Al oír esta inesperada reprensión de la boca de un miserable asesino que

estaba en la cruz, se originó un tumulto entre los que insultaban. Buscaron

piedras para apedrear a Dimas en la cruz, pero el centurión Abenádar no lo

permitió; hizo que se dispersaran y restableció el orden y la calma.

Mientras tanto la Santísima Virgen se sintió completamente confortada por

la oración de Jesús. Gestas seguía gritando a Jesús:

—¡Si tú eres el Cristo, ayúdate y ayúdanos!

Y Dimas le dijo:

[ 49 ]

—¿No tienes temor de Dios, tú que estás condenado a lo mismo? Pero nosotros estamos

en este suplicio con razón, y recibimos el pago de nuestros hechos, pero Éste no ha

hecho nada injusto. Piensa y convierte tu alma en esta última hora.

Dimas estaba completamente iluminado y tocado por la gracia y confesó su

culpa a Jesús diciendo:

—Señor, si me condenas, me pasará lo que me merezco, pero apiádate de mí.

Jesús le dijo:

—Tú sentirás mi misericordia.

Entonces Dimas recibió la gracia de tener un profundo arrepentimiento

durante un cuarto de hora. Todo lo que acabo de contar, en su mayor parte

sucedió simultáneamente o muy seguido, entre doce y doce y media, justo

unos minutos después de izar la cruz. Pero, muy pronto, en el alma de los

espectadores cambió todo, pues mientras hablaba el buen ladrón se produjo un

gran signo en la naturaleza que empavoreció a todos.

OSCURECIMIENTO DEL SOL.

SEGUNDA Y TERCERA PALABRA DE JESÚS

A eso de las diez, cuando Pilatos pronunció la sentencia, cayeron

alternativamente varias granizadas aisladas; luego el cielo se aclaró y el sol

brilló hasta las doce, momento en que una niebla turbia y roja se puso delante

del sol.

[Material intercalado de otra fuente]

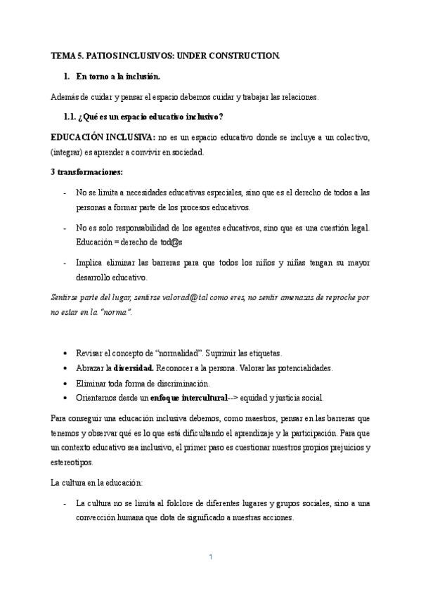 He publicado nuevos apuntes de 4º Patios Escolares. Juego e Inclusión en la Escuela: TEMA-1.pdf
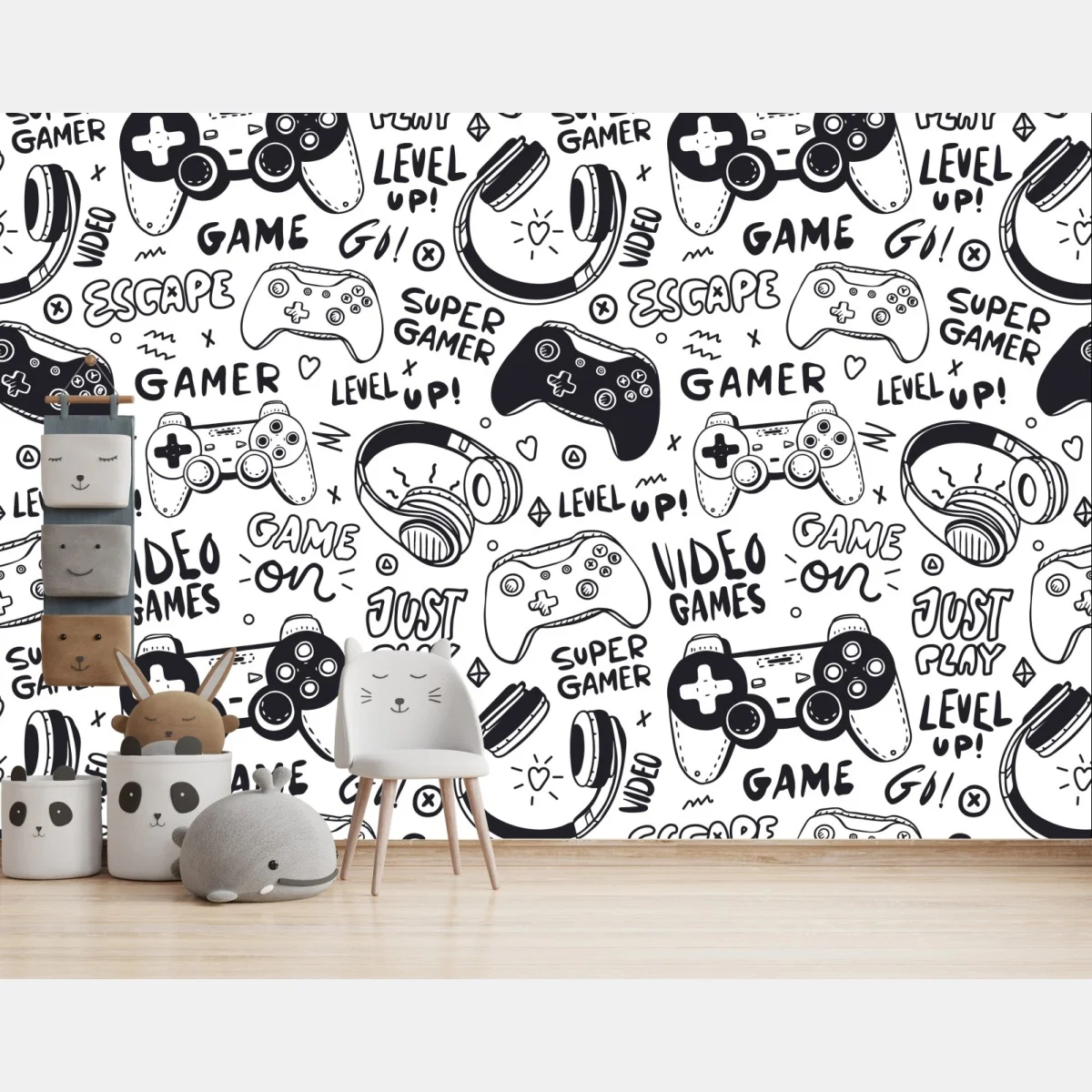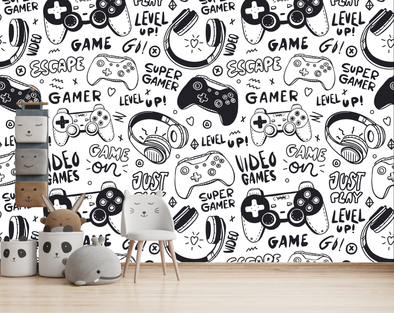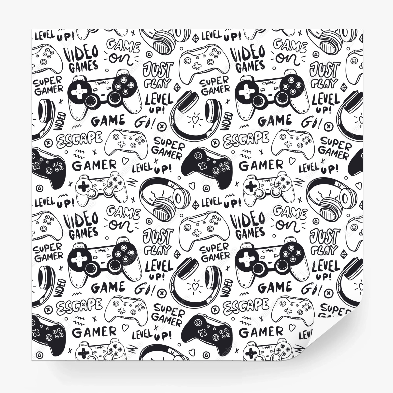Fototapete Doodle-muster mit videospiel-controllern

Alrededor de la hora sexta, según el sol, hacia las doce y media, según

lo veo yo (pues los judíos cuentan el tiempo de otra manera y se apartan del

sol), el sol se oscureció de una manera totalmente prodigiosa. Se me ha

mostrado con todo detalle el origen de este oscurecimiento, pero

desgraciadamente no lo he podido retener y me faltan palabras para repetirlo.

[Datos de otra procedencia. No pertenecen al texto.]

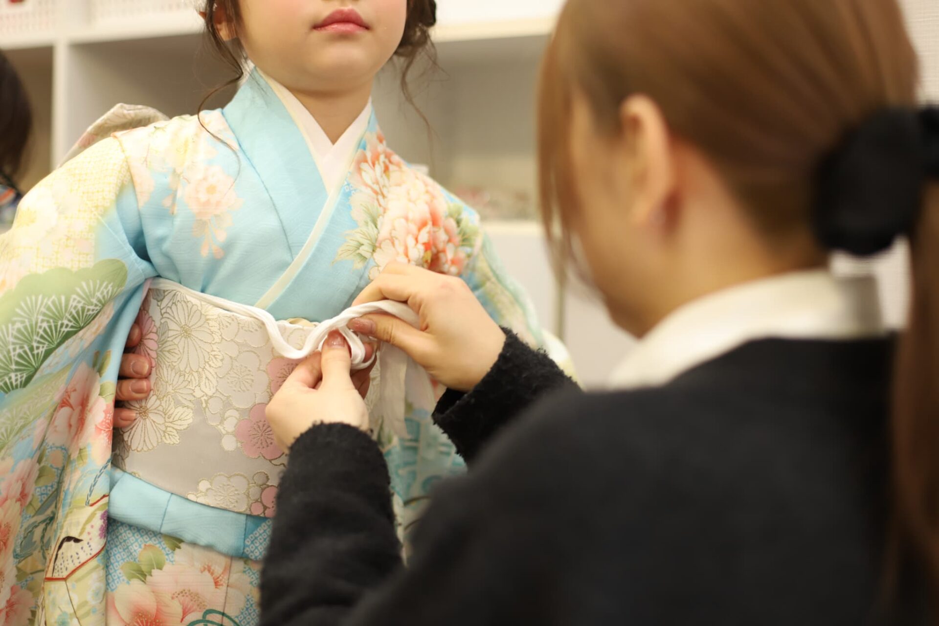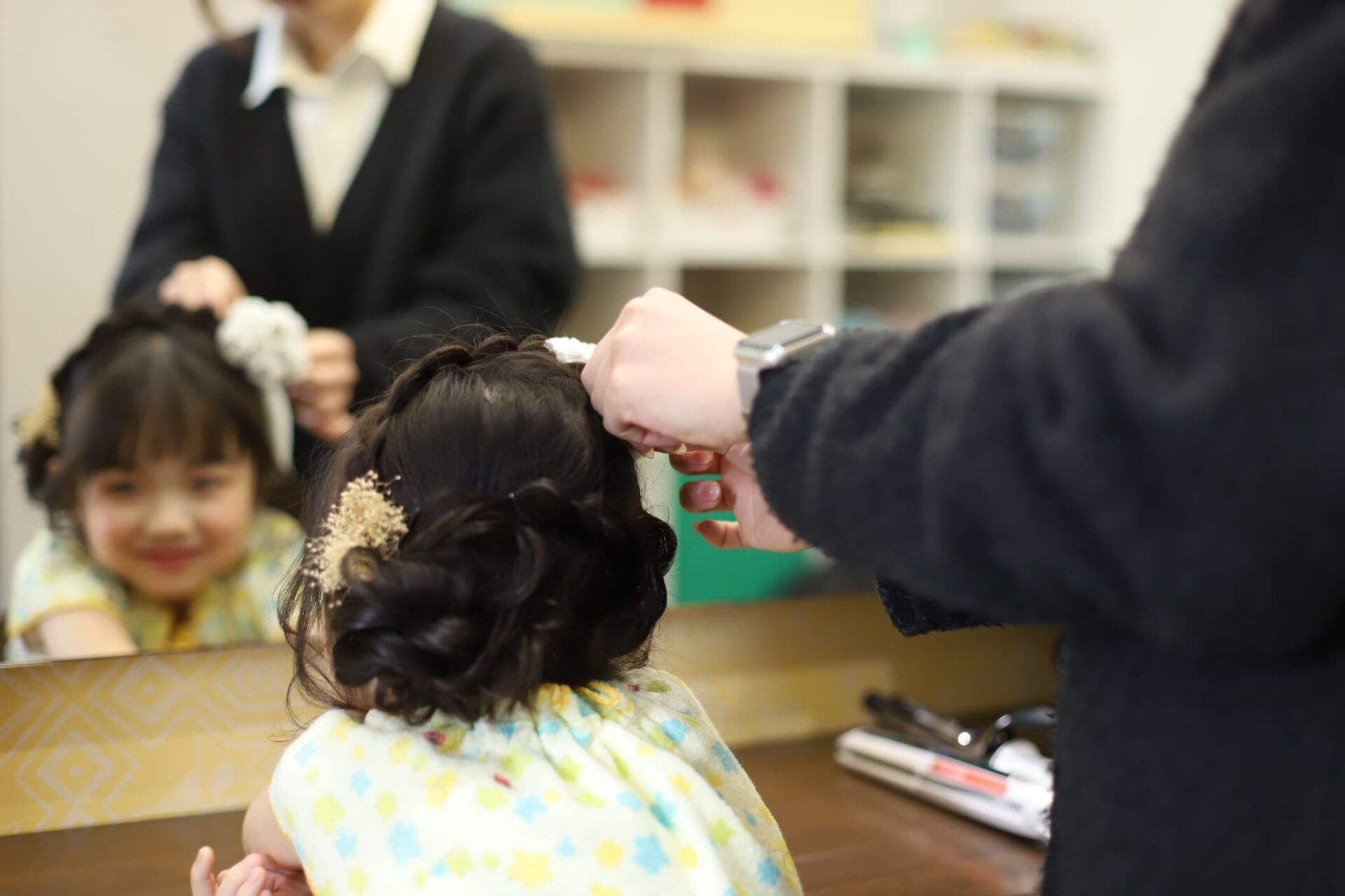 七五三レンタルプランの中に、お参り当日の着付・ヘアセット付のため、

Al principio, cuando vi llegar la oscuridad, yo estaba como fuera de la

Tierra. Vi toda clase de órbitas y cursos de las estrellas, que circulaban

maravillosamente enmarañadas. Vi la luna al otro lado de la Tierra, y la vi dar

un salto o hacer una carrera rápida, como un bola de fuego que planeara.

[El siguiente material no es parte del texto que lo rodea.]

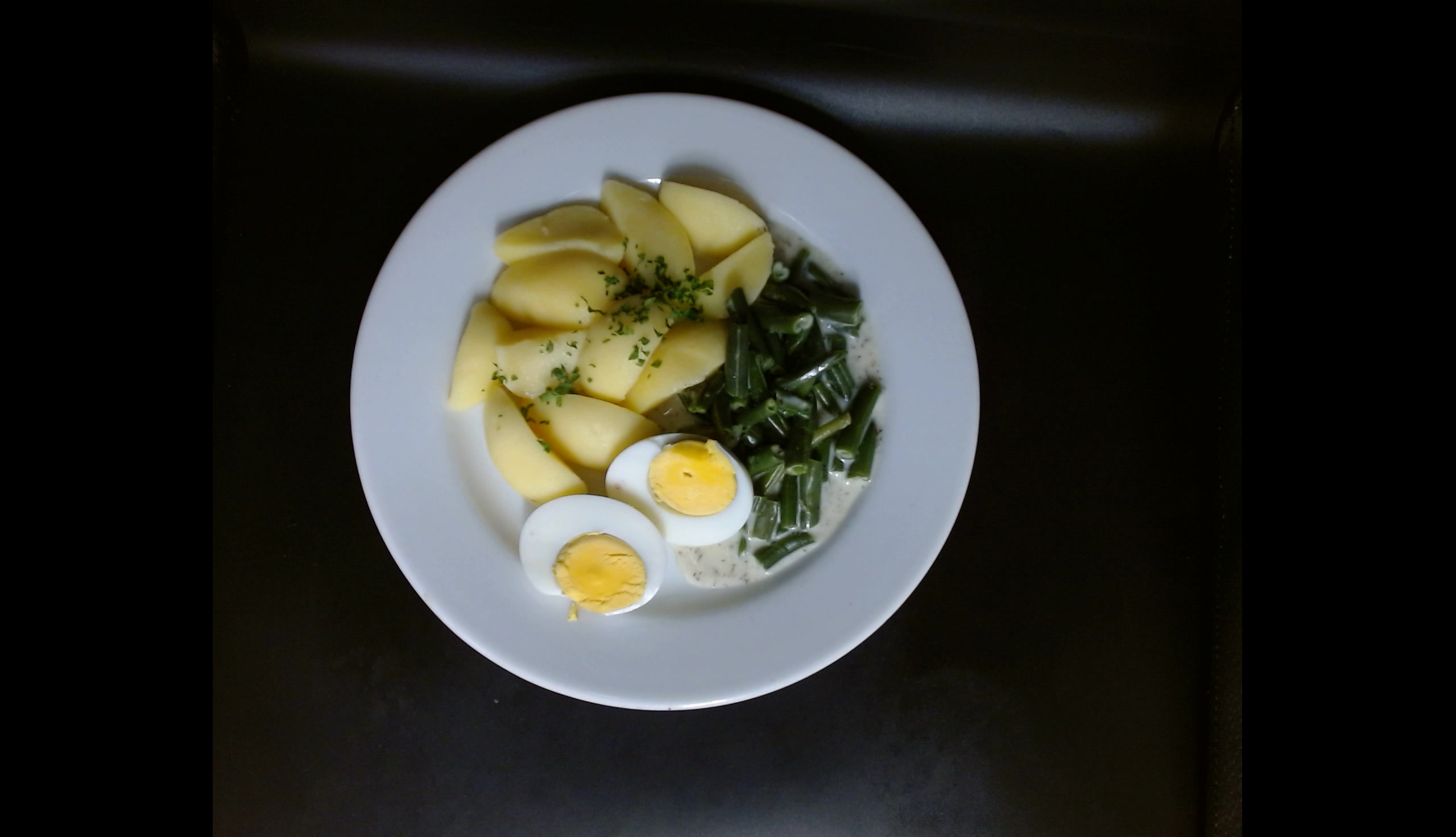 Fazolové lusky na smetaně s koprem, 1 vařené vejce, vařené brambory
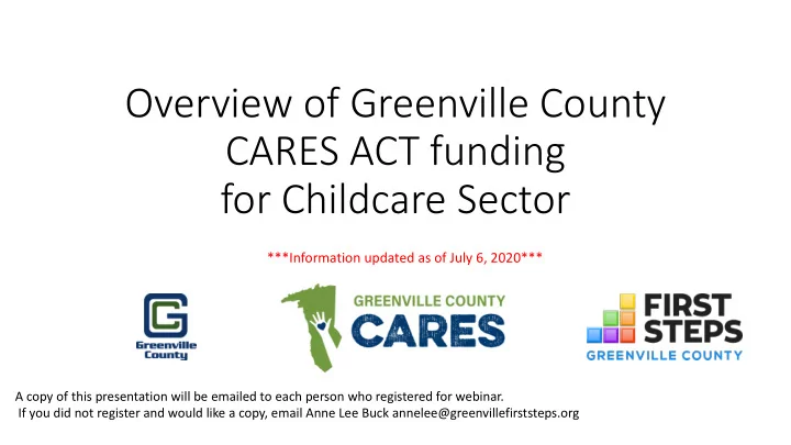 Overview of Greenville County CARES ACT funding for Childcare Sector ***Information updated as of July 6, 2020*** A copy of this presentation will be emailed to each person who registered for webinar. If you did not register and would like a copy, email Anne Lee Buck annelee@greenvillefirststeps.org
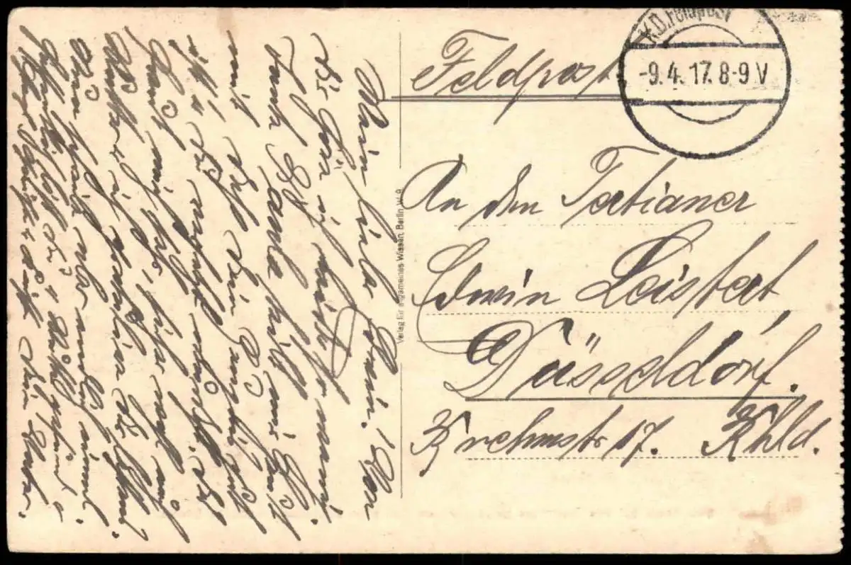 Gelaufen: 09.04.1917 als Feldpost nach Düsseldorf
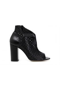 Bottines à bout ouvert en cuir perforé, le léger fil en métal inséré devant dans l’ourlet de l’empeigne permet de porter la bottine de deux manières, en rabattant les bords devant. Logo en métal visible ou fermé sur l’ouverture, selon la manière dont on les modèle.
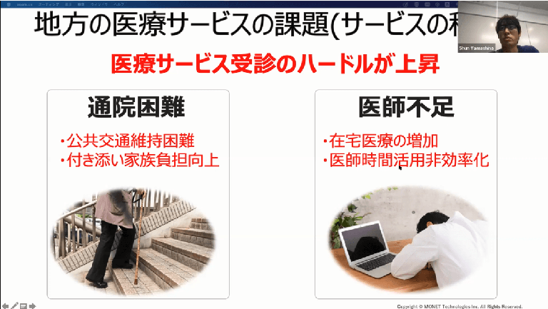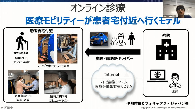 『それらの課題を解決するサービスとして、医療モビリティー、つまり医療機器や看護師を載せた車を患者宅付近へ派遣するというものを提供しています。
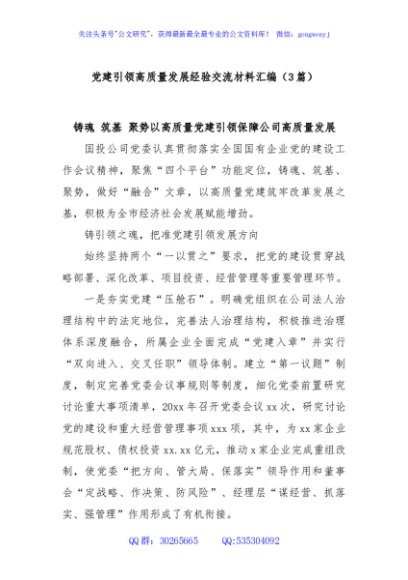 / (3篇)党建引领高质量发展经验交流材料汇编
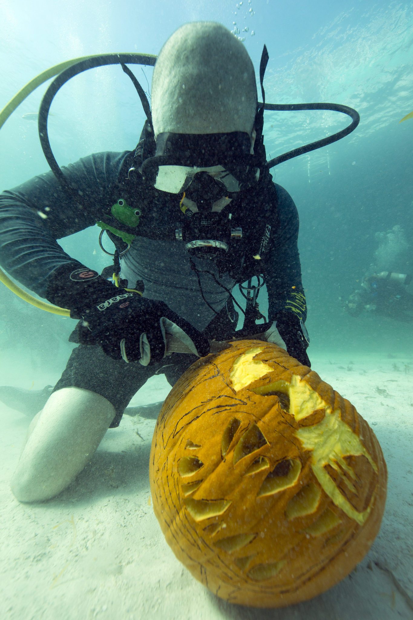 KEY LARGO, Florida Keys – A crafty group of divers submerged 30 feet beneath the surface in the Florida Keys National Marine Sanctuary to carve jolly jack-o-lanterns during the annual Underwater Pumpkin Carving contest Sunday about six miles off Key Largo.

Luego volví a estar en Jerusalén y vi aparecer una pálida luna llena sobre el

monte de los Olivos. El sol estaba cubierto de niebla y la luna se acercaba muy

[ 50 ]

deprisa al sol desde levante. Al principio vi como un banco oscuro al lado

oriental del sol, que se hizo como una montaña y cubrió al sol; el núcleo de

esta imagen parecía gris amarillento, y tenía alrededor un brillo rojo como un

anillo de brasas. El cielo se puso completamente oscuro y las estrellas titilaban

con brillo rojizo. Sobrevino un terror descomunal tanto a los seres humanos

como a los animales; el ganado mugía y salía corriendo, los pájaros buscaban

un rincón que les sirviera de escondrijo y caían a bandadas en las colinas en

torno al monte Calvario, se los podría capturar a mano. Los que insultaban

empezaron a callarse, los fariseos trataban de explicarlo todo por causas

naturales, pero les salía mal y también les invadió íntimamente el mismo

terror. Todos los humanos miraban al cielo. Muchos se daban golpes de

pecho, retorcían las manos y gritaban:

—¡Que su sangre alcance a sus asesinos!

Cerca y lejos, muchos se arrodillaron y pidieron perdón a Jesús, que en

medio de sus dolores volvió hacia ellos sus ojos. Durante la oscuridad cada vez

mayor todos miraban al cielo y la cruz estaba abandonada de todos excepto de

la Madre de Jesús y sus amigas más próximas. Dimas, que había estado sumido

en un profundo arrepentimiento, volvió su cabeza a Jesús con humilde

esperanza y le dijo:

—¡Señor! ¡Déjame llegar a un lugar donde Tú me salves, acuérdate de mí cuando llegues

a tu Reino!

Entonces le dijo Jesús:

—En verdad te digo: Hoy estarás conmigo en el Paraíso.

La Madre de Jesús, Magdalena, María Cleofás, María Magdalena14 y Juan

estaban en torno a la cruz de Jesús, entre las cruces de los ladrones. Miraban al

Señor, y la Santísima Virgen, completamente dominada por su amor de

madre, suplicaba ardientemente que la dejara morir con Él. Entonces el Señor

miró muy compasiva y gravemente a su querida Madre, volvió sus ojos a Juan

y le dijo:

—Mujer, mira, éste es tu hijo que será aún más hijo tuyo que si le hubieras dado a luz.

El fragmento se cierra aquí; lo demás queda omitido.